Bölge Adliye Mahkemesi kararı, davalı kurum vekili tarafından temyiz edilmiştir.
Yapılan yargılama ve saptanan somut uyuşmazlık bakımından uygulanması gereken hukuk kuralları gözetildiğinde İlk Derece Mahkemesince verilen kararda bir isabetsizlik olmadığının anlaşılmasına göre yapılan istinaf başvurusunun HMK’nın 353/b-1 maddesi uyarınca Bölge Adliye Mahkemesince esastan reddine ilişkin kararın usul ve yasaya uygun olduğu kanısına varıldığından Bölge Adliye Mahkemesi kararının onanmasına karar vermek gerekmiştir.

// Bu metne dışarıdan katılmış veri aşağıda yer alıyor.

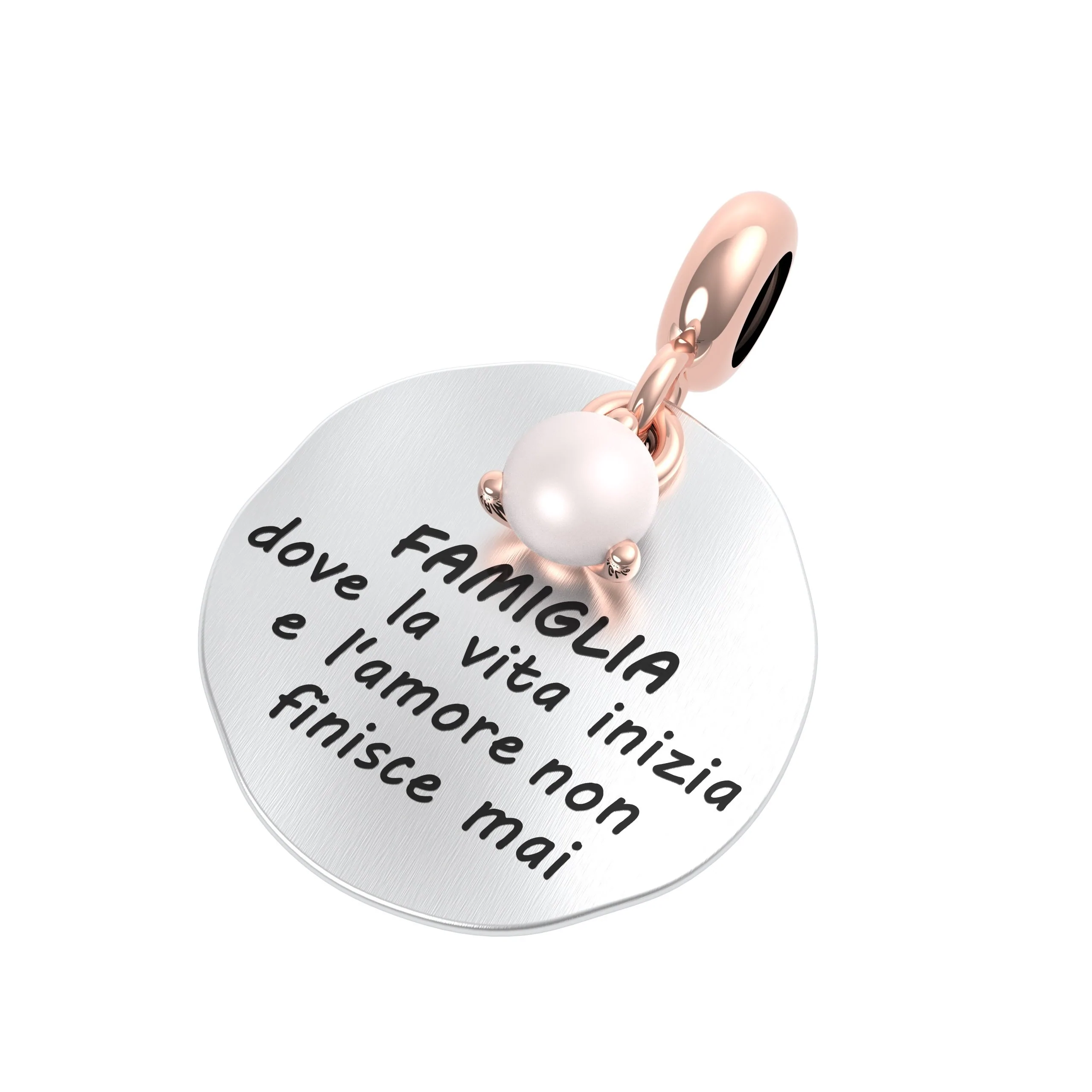 Questo charm della collezione Rerum Gioielli è realizzato in argento 925. E’ arricchito da una perla, il tesoro per eccellenza. La perla viene custodita all’interno di una conchiglia, tenuta al riparo dagli elementi e preservata con cura. Rappresenta i valori più veri, la nostra famiglia, le nostre radici, il nostro mondo.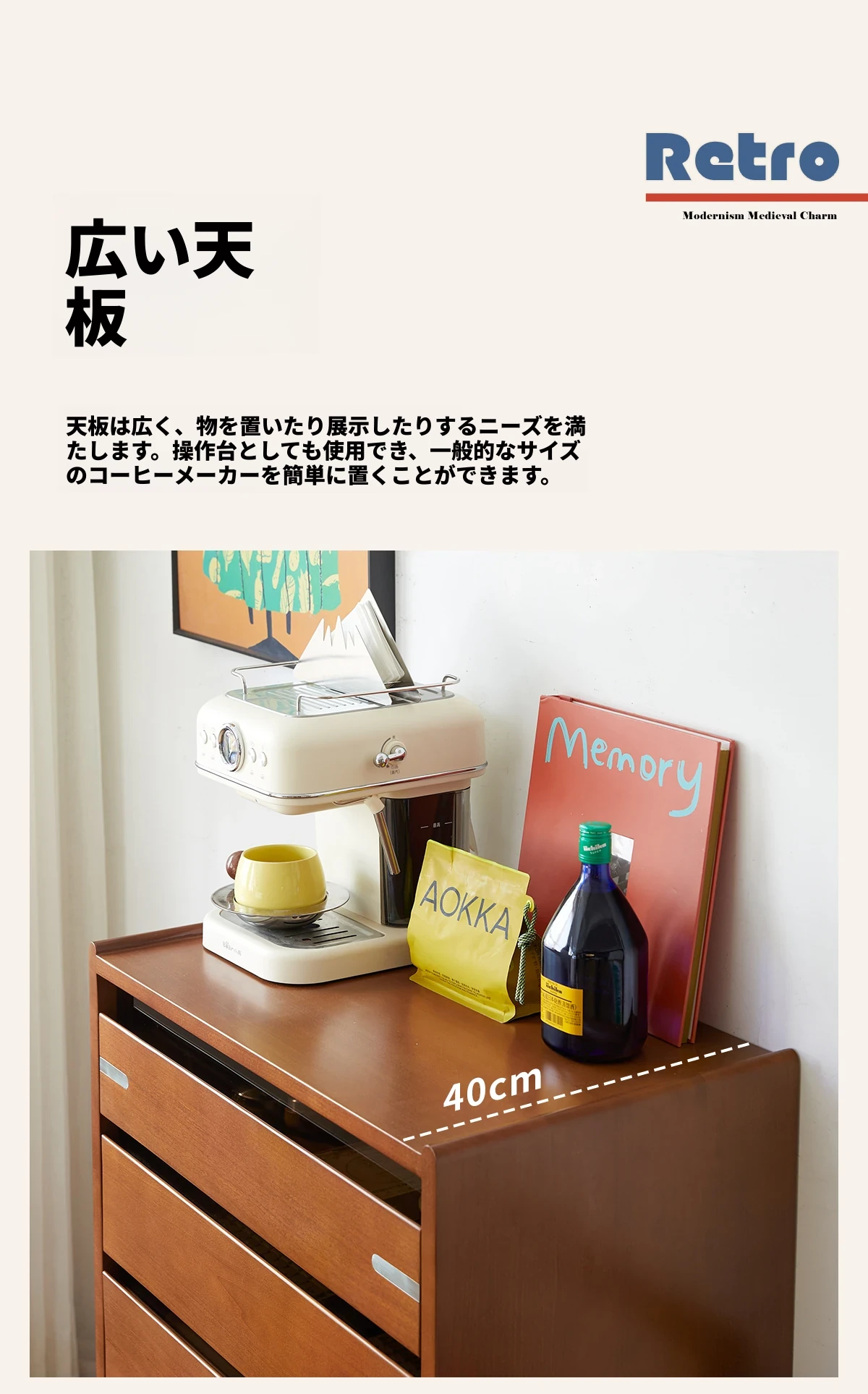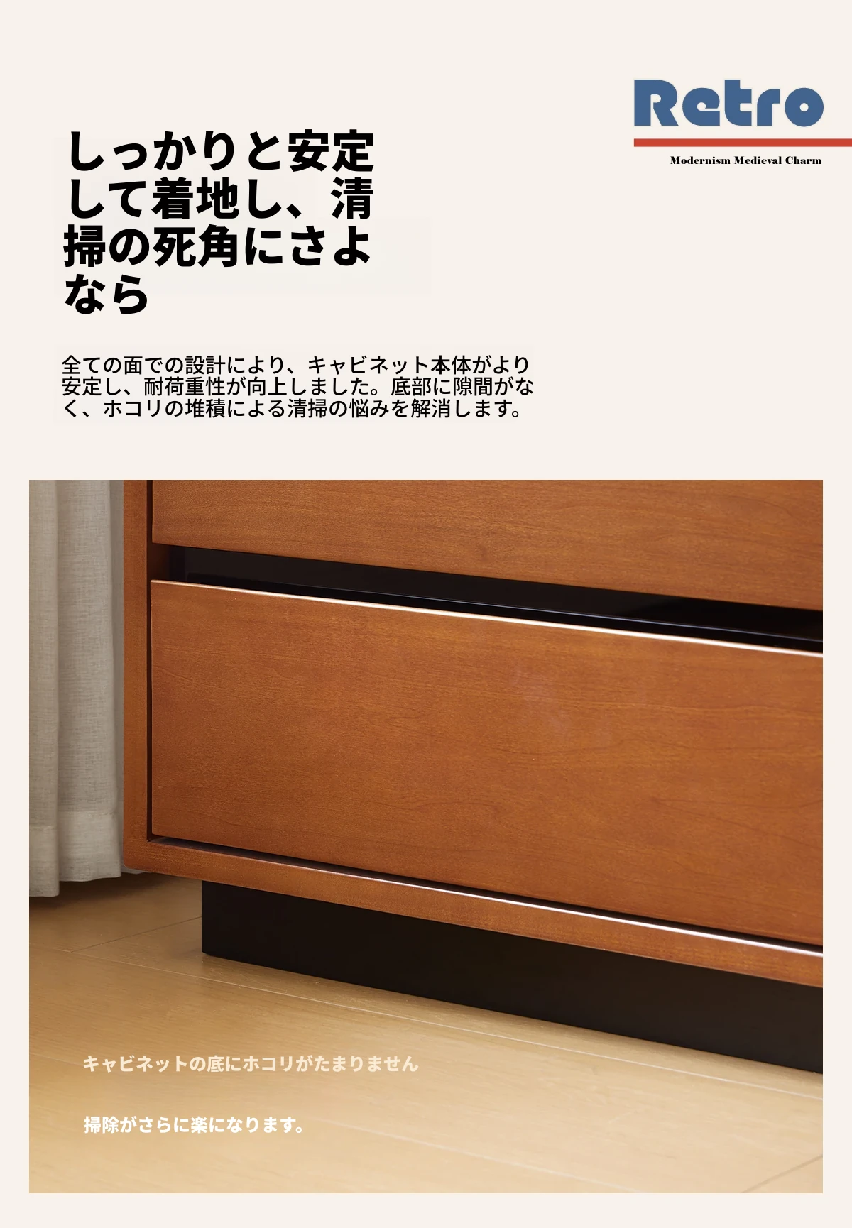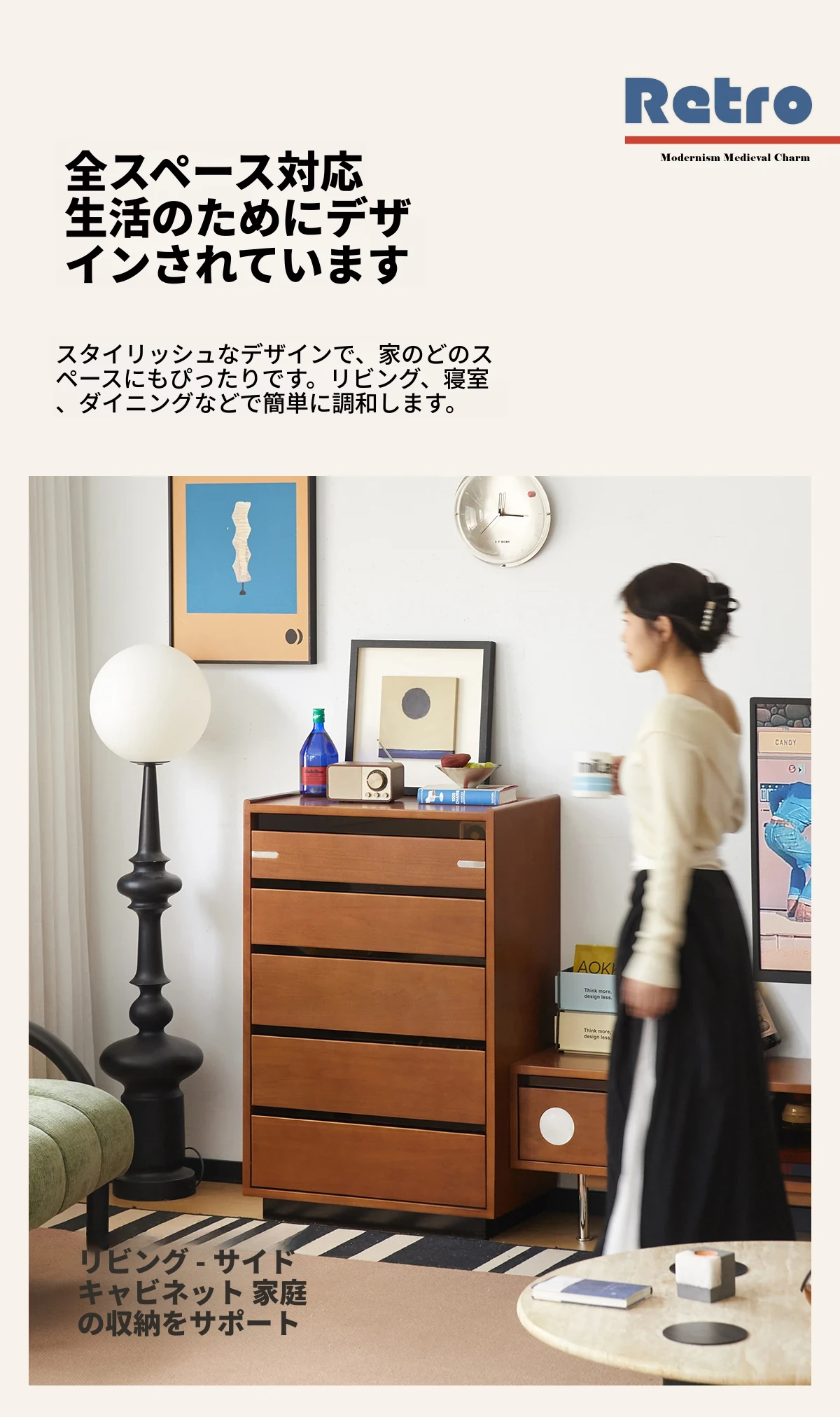 栗の公園の無垢材レトロスタイル・リビング収納サイドキャビネット、壁沿いに置ける小型住宅向けのフロアストレージキャビネット。洗練されたデザインで、あなたの空間を美しく彩ります!

SONUÇ: Yukarda açıklanan nedenlerle, davalı kurum vekilinin temyiz isteminin reddi ile Bölge Adliye Mahkemesince verilen kararın HMK’nın 370/1. maddesi uyarınca ONANMASINA, HMK’nın 372. maddesi uyarınca işlem yapılmak üzere dava dosyasının Bölge Adliye Mahkemesine gönderilmesine, aşağıda yazılı bakiye 13,00 TL temyiz ilam harcının temyiz edenden alınmasına, 04/03/2019 tarihinde kesin olarak oybirliğiyle karar verildi.